Maju ke titik selanjutnya, saya dihadapkan pada sebuah titik dan lubang, dimana mereka di eksekusi. Saat itu harga peluru mahal, jadi jangan bayangkan kematian yang cepat selesai, mereka dieksekusi dengan ujung bayonet, cangkul, sekop yang diayunkan serta diremukkan ke kepala masing-masing.
Lanjut ke titik selanjutnya, di sana ada beberapa makam massal, dimana ditemukan beratus-ratus nyawa pada satu lubang, saya pun masih menemukan baju-baju yang menyembul dari dalam tanah, diceritakan saat musim hujan, baju tersebut kadang terkikis air dan muncul ke permukaan.
Lanjut ke berikutnya, inilah titik dimana saya hanya bisa membatin ngeri di dalam hati, bayangkan disana terdapat sebuah pohon besar, cukup kokoh dan kuat.
Narator mulai bercerita di telinga saya: ... di sini adalah tempat mengeksekusi bayi, maupun anak-anak kecil ...kaki bayi-bayi malang tersebut dipegang, dengan kepala menghadap ke bawah, dengan satu kali ayunan dibenturkan ke dahan pohon tersebut agar tangisan mereka mereda......

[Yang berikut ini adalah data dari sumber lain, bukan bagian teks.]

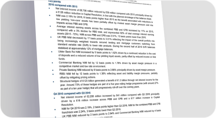 Analysis of results Notes: (1) For the purpose of net interest margin (NIM) calculations, no decrease for 2016 (2015 - £15 million) and no decrease for Q4 2016 (Q3 2016 – nil; Q4 2015 - £3 million) was made in respect of interest on financial assets and liabilities designated as at fair value through profit or loss. Related average interest-earning assets and average interest-bearing liabilities have also been adjusted. (2) For the purpose of calculating gross yields and interest spread, interest receivable and interest payable have both been decreased by £76 million in respect of negative interest relating to financial assets that attracted negative interest. (3) Gross yield is the interest earned on average interest-earning assets as a percentage of average interest-earning assets. (4) Interest spread is the difference between the gross yield and interest paid on average interest-bearing liabilities as a percentage of average interest-bearing liabilities. (5) Net interest margin is net interest income as a percentage of average interest-earning assets. (6) PBB NIM for the year ended 2016 was 2.80% (year ended 2015 - 2.93%; Q4 2016 - 2.74%; Q3 2016 - 2.76%; Q4 2015 - 2.80%). CPB NIM for the year ended 2016 was 1.80% (year ended 2015 - 1.92%; Q4 2016 - 1.72%; Q3 2016 - 1.75%; Q4 2015 - 1.87%). (7) Net interest margin includes Treasury allocations and interest on intercompany borrowings, which are excluded from third party customer rates. (8) Ulster Bank Ireland DAC manages its funding and liquidity requirements locally. Its liquid asset portfolios and non-customer related funding sources are included within its net interest margin, but excluded from its third party asset and liability rates. Key points 2016 compared with 2015 Net interest income of £8,708 million reduced by £59 million compared with 2015 principally driven by a £126 million reduction in Capital Resolution, in line with the planned shrinkage of the balance sheet. NIM was 2.18% for 2016, 6 basis points higher than 2015 as the benefit associated with reductions in low yielding ‘non-core’ assets has been partially offset by modest asset margin pressure and mix impacts across PBB and CPB. Average interest earning assets across the combined PBB and CPB increased by 11% on 2015, compared with a 3% decline for RBS total, and represented 82% of total average interest earning assets (2015 - 72%). NIM across PBB and CPB was 2.31%, 13 basis points lower than 2015. UK PBB NIM decreased by 17 basis points to 3.01% reflecting the impact of the overall portfolio mix being increasingly weighted towards secured lending and mortgage customers switching from standard variable rate (SVR) to lower rate products. During the second half of 2016 SVR balances stabilised at approximately 12% of mortgage balances. Ulster Bank RoI NIM increased by 5 basis points to 1.62% driven by a continued reduction in the cost of deposits and a reduced volume of low yielding liquid assets, partly offset by reduced income on free funds. Commercial Banking NIM fell by 12 basis points to 1.76% driven by asset margin pressure in a competitive market and low rate environment. Private Banking NIM reduced by 9 basis points to 2.66% principally driven by asset margin pressure. RBSI NIM fell by 12 basis points to 1.36% reflecting asset and liability margin pressures, partially offset by mitigating pricing actions. Structural hedges of £123 billion generated a benefit of £1.3 billion through net interest income for the year. Around 73% of these hedges are part of a five year rolling hedge programme (with around 27% as part of a ten year hedge) that will progressively roll-off over the coming years. Q4 2016 compared with Q3 2016 Net interest income of £2,208 million increased by £41 million compared with Q3 2016 principally driven by a £16 million increase across PBB and CPB and a £17 million increase in Capital Resolution. NIM for Q4 2016 was 2.19%, 2 basis points higher than Q3 2016. NIM for the combined PBB and CPB franchises was 2.24%, 3 basis points lower than Q3 2016. UK PBB NIM reduced by 2 basis points to 2.94% and Commercial Banking NIM reduced by 4 basis points to 1.68% driven by asset margin pressure. Q4 2016 compared with Q4 2015 Net interest income of £2,208 million increased by £46 million compared with Q4 2015 principally driven by a £115 million increase across PBB and CPB. NIM was 2.19% for Q4 2016, 9 basis points higher than Q4 2015 as the benefit associated with reductions in low yielding ‘non-core’ assets has been partially offset by modest asset margin pressure and mix impacts across PBB and CPB. 22 RBS – Annual results 2016

Di sini perasaan saya benar-benar campur aduk. Tidak hanya dengan cara itu, bayi-bayi tersebut terkadang dilempar ke atas, baru dibenturkan ke dahan. Saya melangkah ke tempat selanjutnya, saya tidak kuat mendengar cerita di titik itu.
Ada sebuah pohon lagi, disini adalah tempat memasang speaker, diputarkan lagu-lagu Kamboja yang bercampur dengan suara genset, suaranya yang bising berguna untuk meredam teriakan-teriakan yang mengerikan di malam terakhir mereka..
Saya berjalan lagi, hingga sampai pada sebuah danau kecil, audio sewaan menampilkan musik indah di telinga saya, rute danau tersebut sengaja dibuat, agar kita bisa sedikit menenangkan diri, sembari mereka ulang cuplikan cuplikan yang kita imajinasikan.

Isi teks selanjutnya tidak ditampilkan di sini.